Após um breve descanso e debate, decidiram seguir a sugestão do homem mais velho do grupo e escolheram uma das fendas para prosseguir. Seguiu-se mais um longo período de rastejo.

Das três câmeras, duas só registravam, de vez em quando, os pés da pessoa à frente; na maior parte do tempo, mostravam apenas o pó do chão. A câmera do terceiro apontava para o breu absoluto.

O túnel era estreito e opressor. À medida que avançavam, a imagem do visor noturno mostrava a respiração ofegante e nervosa deles, o vapor se misturando ao pó do solo.

Nada de anormal aconteceu. O silêncio era assustador, sem qualquer diálogo ou ruído além do rastejar contínuo.

Não houve nenhum espaço amplo ou abismo repentino, apenas o movimento constante e repetitivo. Isso durou talvez uma ou duas horas.

A monotonia era tanta que alguns, na frente do veículo blindado, já demonstravam sinais claros de tédio. Mesmo Hu, o chefe, ainda atento, parecia exibir cansaço.

Eu, de longe, observava as imagens do visor noturno e, a cada minuto, sentia que algo estava errado.

Finalmente, ao ver novamente na tela uma fenda idêntica às anteriores, entendi tudo num estalo.

Dei alguns passos rápidos até Hu e, aumentando o tom de voz, declarei:

— Hu, tem algo errado. Eles já não estão mais vivos.

Hu e seus homens viraram-se abruptamente para mim, com olhares confusos e interrogativos.

Eu podia ler o pensamento deles: como assim mortos? Eles estavam rastejando o tempo todo, não houve nenhum momento de pânico, só o tempo de deslocamento foi longo. O que essa garota está dizendo?

Encarei todos sem recuar, e Hu, com seu olhar mais penetrante, perguntou:

— O que você percebeu, Xiaotu?

Esperei alguns minutos diante da tela até surgir, novamente, uma fenda aberta pelo terremoto.

— Gravem bem essa fenda.

Cerca de doze minutos depois, a mesma fenda apareceu na tela.

— Isso só prova que eles estão andando em círculos — murmurou alguém entre o grupo, em tom audível o suficiente para todos ouvirem. — Jovens gostam de assustar. Fala que morreram... só pra chamar atenção.
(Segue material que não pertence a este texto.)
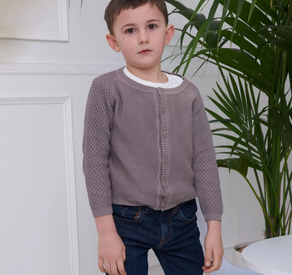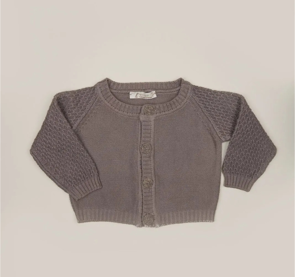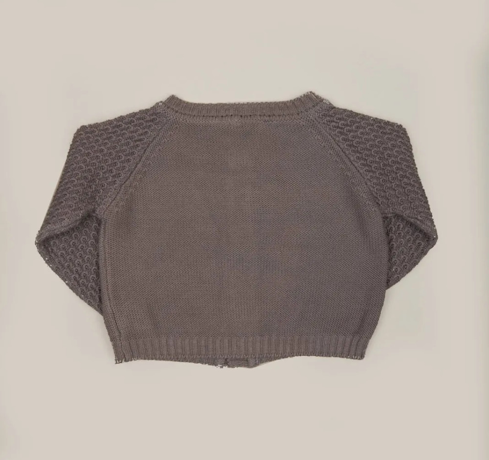 Cardigan per neonati e bambini aperto sul davanti con manica a taglio raglan e lavorazione sulle maniche, grigio talpa, in cotone organico con lavorazione a contrasto sul davanti; 100% made in Italy, realizzato con tintura naturale di mallo di noce.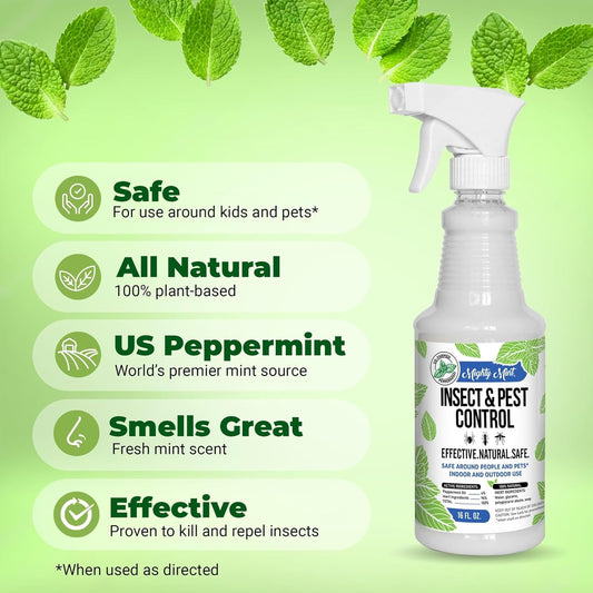 Mighty Mint Peppermint Oil Insect Repellent Spray – Natural Indoor & Outdoor Bug Control for Spiders, Ants, Roaches, and More – Plant-Based, Extra-Strong Formula - 16 oz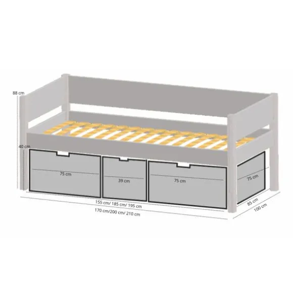 Manis-h Combinatiebed Met Lattenbodem En Hoge Lades – NANNA – 90×160 cm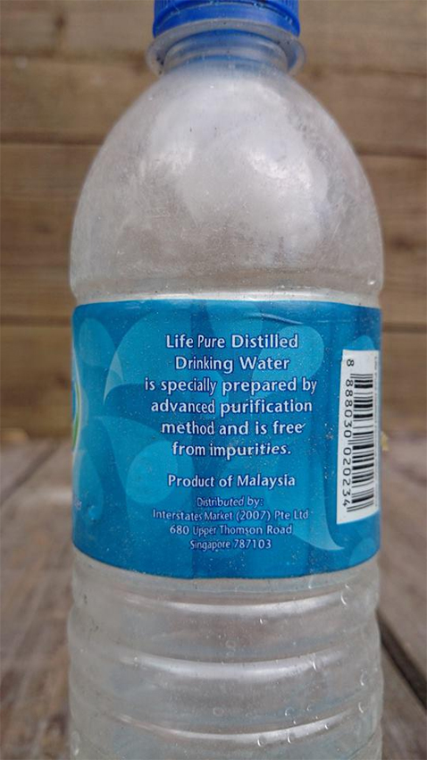 圖為當(dāng)?shù)芈蓭煱l(fā)現(xiàn)的礦泉水瓶,上面標有“產(chǎn)自馬來西亞”。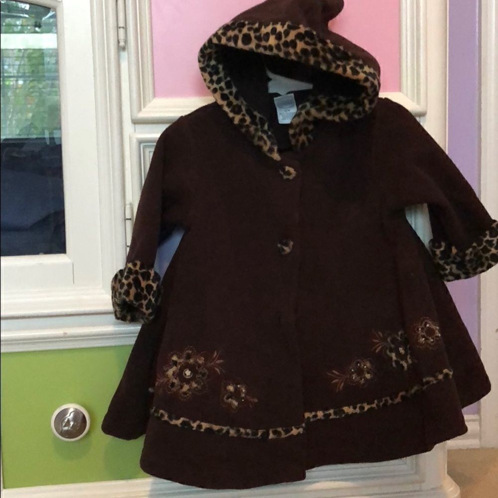 It is a cute Leopard print jacket on the Hoodie, sleeves, and buttons. Barely used. Great condition.

Na verdade, eu mesma estava assustada com a minha conclusão. Ao ouvir aquilo, perdi a paciência:

— Vocês não percebem? Nas últimas horas, não aparece mais aquela névoa de poeira levantada pelo vapor da respiração no chão!

— E mais: as câmeras pararam de tremer durante o rastejo! Se alguém estivesse mesmo se movendo, como antes, a imagem não ficaria fixa!
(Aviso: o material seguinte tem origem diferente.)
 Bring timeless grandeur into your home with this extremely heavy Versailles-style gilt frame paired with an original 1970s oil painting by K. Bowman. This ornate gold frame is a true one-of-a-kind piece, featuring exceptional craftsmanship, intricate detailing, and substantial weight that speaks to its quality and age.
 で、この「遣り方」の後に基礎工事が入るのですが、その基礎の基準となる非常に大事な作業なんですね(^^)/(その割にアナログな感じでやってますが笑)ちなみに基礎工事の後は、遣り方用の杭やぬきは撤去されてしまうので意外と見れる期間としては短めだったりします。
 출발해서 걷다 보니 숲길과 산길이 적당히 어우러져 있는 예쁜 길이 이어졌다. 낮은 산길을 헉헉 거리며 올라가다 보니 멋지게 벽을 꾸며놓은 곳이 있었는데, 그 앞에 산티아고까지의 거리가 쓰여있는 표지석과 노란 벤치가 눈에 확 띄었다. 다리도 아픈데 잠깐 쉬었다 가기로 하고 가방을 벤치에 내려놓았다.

— Pensem: antes, a câmera balançava e filmava os pés da pessoa da frente. Agora, a imagem está constante, sempre mostrando só um lado...

— Não parece que estão sendo arrastados no chão?
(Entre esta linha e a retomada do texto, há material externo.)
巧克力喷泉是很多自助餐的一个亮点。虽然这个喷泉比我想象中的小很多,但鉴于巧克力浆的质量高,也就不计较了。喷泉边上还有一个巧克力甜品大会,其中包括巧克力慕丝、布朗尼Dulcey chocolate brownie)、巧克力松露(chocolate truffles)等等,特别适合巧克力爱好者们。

— Doze minutos por ciclo. O da frente mantém o campo de visão normal, sem reagir, os de trás sempre seguem...

— Não parece que já estão mortos há algum tempo, sendo empurrados por algo através de um corredor circular?

Finalmente, expus meu temor. Os rostos mudaram, todos olharam para a tela com calafrios evidentes.

Após mais uma volta, não demorou para perceberem outras inconsistências:

— Chefe, eles estão se movendo a uma velocidade constante por doze minutos. Era para estarem cansados, não aguentariam rastejar tanto tempo...

— É estranho mesmo, chefe. No começo, os dados do sinal oscilavam, quanto mais fundo desciam, mais instável ficava. Mas agora, mesmo depois de tanto tempo, o sinal não falha, como se estivessem no mesmo lugar o tempo todo.

— Chefe, o que ele disse está certo. Estão andando em círculos, comparei os dados do ambiente: são praticamente idênticos.

— Chefe, chefe...

Hu nem disfarçava o nervosismo diante das notícias dos companheiros:

— Chega! Basta!

— Eles não estavam com detonadores e explosivos de controle remoto?

— Acione agora.

— E depois, cada família recebe trezentos mil como indenização.

Detonadores, explosivos? E ainda com controle remoto?

Meu pressentimento inicial se confirmou. Por que organizar uma reunião motivacional, gastar tanto tempo tentando persuadi-los com dinheiro? O plano de Hu desde o início era transformá-los em bombas humanas.

Instalaram câmeras de transmissão ao vivo em cada um, prontos para explodir à distância a qualquer momento.

A mente trava diante de tanta crueldade. Isso é realmente de enlouquecer.